Bei den jüngeren Senioren lag der Anteil schwerer Parodontitis in der DMS IV bei 39,8 Prozent. Auch in dieser Altersgruppe ist das Ziel eine Halbierung der Prävalenz, doch der Anteil schwerer Parodontitis liegt in der DMS V aktuell noch bei 24,6 Prozent (CPI- Grad 4).

Full-Mouth ist Standard

Die Methodik in der DMS V zur Erfassung parodontaler Erkrankungen geht über den bisherigen Standard weit hinaus (3). Aus epidemiologischen Vergleichen ist mittlerweile bekannt, dass Partial-Mouth-Recordings, wie etwa die Sondierungstiefenmessung an Indexzähnen, grundsätzlich zu einer Unterschätzung der Prävalenz führen (4-6). Wenngleich die meisten Probanden weiterhin in Form eines Partial-Mouth-Recordings befundet werden können, sehen aktuelle Empfehlungen daher vor, eine Teilgruppe einem Full-Mouth-Recording zu unterziehen (7).
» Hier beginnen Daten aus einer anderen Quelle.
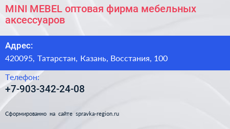 MINI-MEBEL, оптовая фирма мебельных аксессуаров по адресу 420095, Татарстан, Казань, Восстания, 100 в дальнейшем Организация, размещена в следующих категориях:
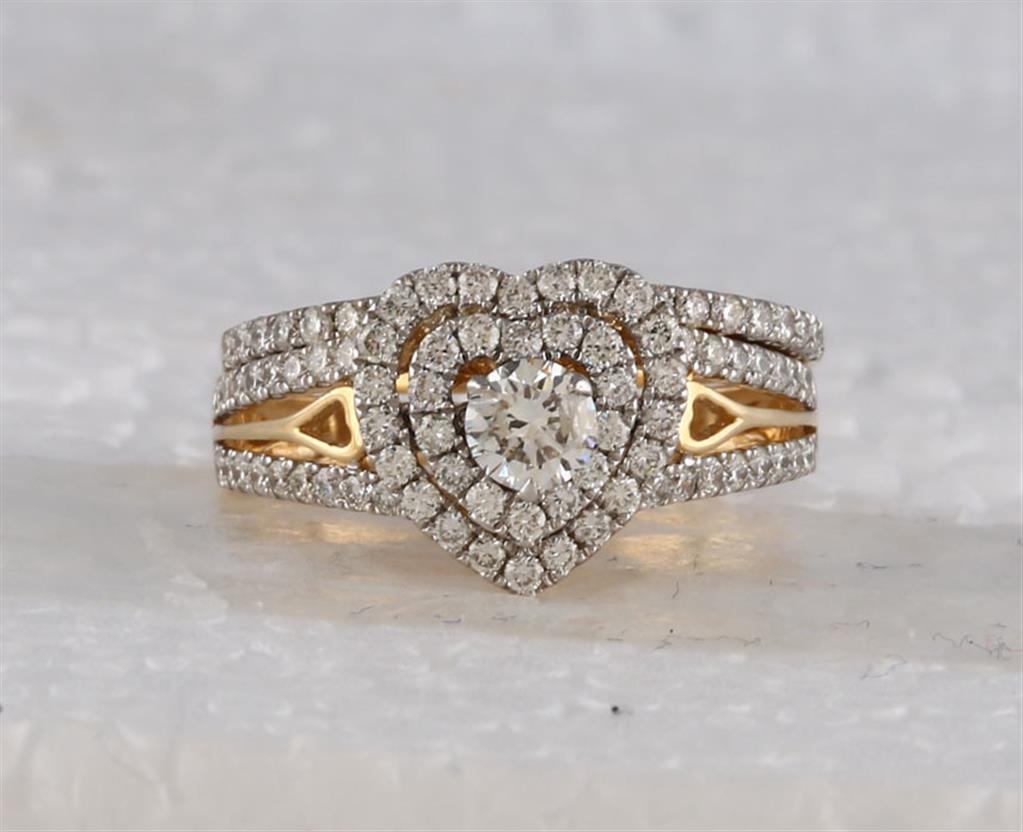 This certified bridal wedding ring set is made from 14kt yellow gold and weighs approximately 4.44 grams. Featuring a total gemstone carat weight of 1 and 1/5, the primary gem...
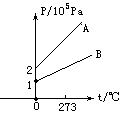 下图给出了同种且质量相等的两部分气体A、B状态变化的等容线,由图中所给的条件可知,当t=273℃时,气体A、B的压强差为________,它们的体积之比________.

Mit diesem Verfahren kann anschließend für die gesamte Stichprobe ein Full-Mouth-Recording hochgerechnet werden. Diesen jüngsten Standards, die auch von der Europäischen Föderation für Parodontologie (EFP) empfohlen werden, wurde in der DMS V gefolgt. Bei 92 Prozent der Studienteilnehmer der jüngeren Erwachsenen und bei 88 Prozent der jüngeren Senioren erfolgte die Befundung an den zwölf Indexzähnen, die auch in der DMS IV Grundlage der parodontalepidemiologischen Befundung waren: Zähne 17, 16, 11, 24, 26, 27, 37, 36, 31, 44, 46 und 47. Die Messungen fanden an drei Stellen je Zahn statt: mediovestibulär, mesiovestibulär und distooral. Für die Indexzahnmessung gab es eine spezifische Ersatzzahnregelung für den Fall, dass vorgesehene Indexzähne nicht vorhanden waren. Bei einem zufallsgezogenen Sub- sample von 8 Prozent der jüngeren Erwachsenen und von 12 Prozent der jüngeren Senioren erfolgte ein Sechs-Punkt-Full-Mouth-Recording an folgenden Messstellen: distovestibulär, mediovestibulär, mesiovestibulär, mesiooral, mediooral und distooral.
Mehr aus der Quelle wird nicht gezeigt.